For this exercise, an exact copy is needed of only the lines from the one containing "Use breakpoints to" through the end of the data, with pictures left out.

→ EXTRACTED INFORMATION:

<<<<

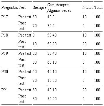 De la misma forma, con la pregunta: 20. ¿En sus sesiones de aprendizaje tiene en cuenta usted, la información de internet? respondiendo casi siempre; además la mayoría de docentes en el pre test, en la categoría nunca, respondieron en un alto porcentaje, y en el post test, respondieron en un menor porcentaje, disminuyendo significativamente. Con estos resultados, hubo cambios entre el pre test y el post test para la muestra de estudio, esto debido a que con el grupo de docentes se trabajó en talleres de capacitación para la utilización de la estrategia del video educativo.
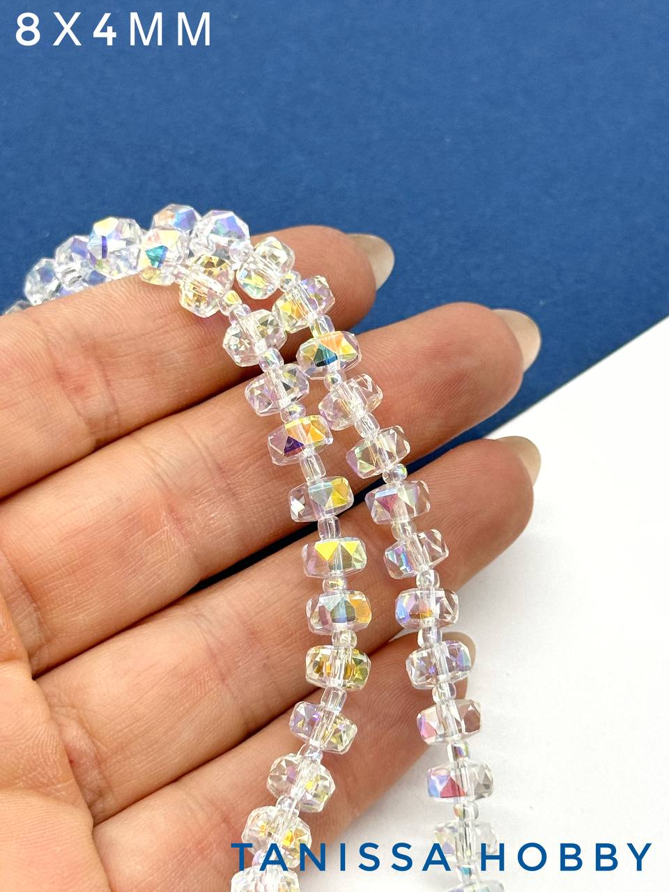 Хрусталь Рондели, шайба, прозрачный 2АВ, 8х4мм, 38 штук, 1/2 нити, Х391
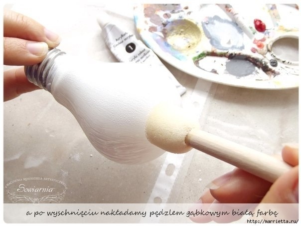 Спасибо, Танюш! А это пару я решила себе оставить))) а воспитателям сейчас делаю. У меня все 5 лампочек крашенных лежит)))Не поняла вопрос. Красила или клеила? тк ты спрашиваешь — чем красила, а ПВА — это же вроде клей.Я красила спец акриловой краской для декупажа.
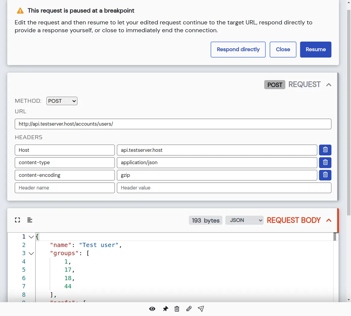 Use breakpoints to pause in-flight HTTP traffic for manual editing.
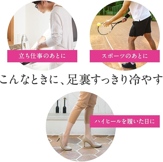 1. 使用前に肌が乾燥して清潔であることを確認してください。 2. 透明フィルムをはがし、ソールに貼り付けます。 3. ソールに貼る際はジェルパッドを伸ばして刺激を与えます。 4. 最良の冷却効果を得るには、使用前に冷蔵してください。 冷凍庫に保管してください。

>>>>

→ REPLY TO THE TASK:
 Use breakpoints to pause in-flight HTTP traffic for manual editing.
 1. 使用前に肌が乾燥して清潔であることを確認してください。 2. 透明フィルムをはがし、ソールに貼り付けます。 3. ソールに貼る際はジェルパッドを伸ばして刺激を与えます。 4. 最良の冷却効果を得るには、使用前に冷蔵してください。 冷凍庫に保管してください。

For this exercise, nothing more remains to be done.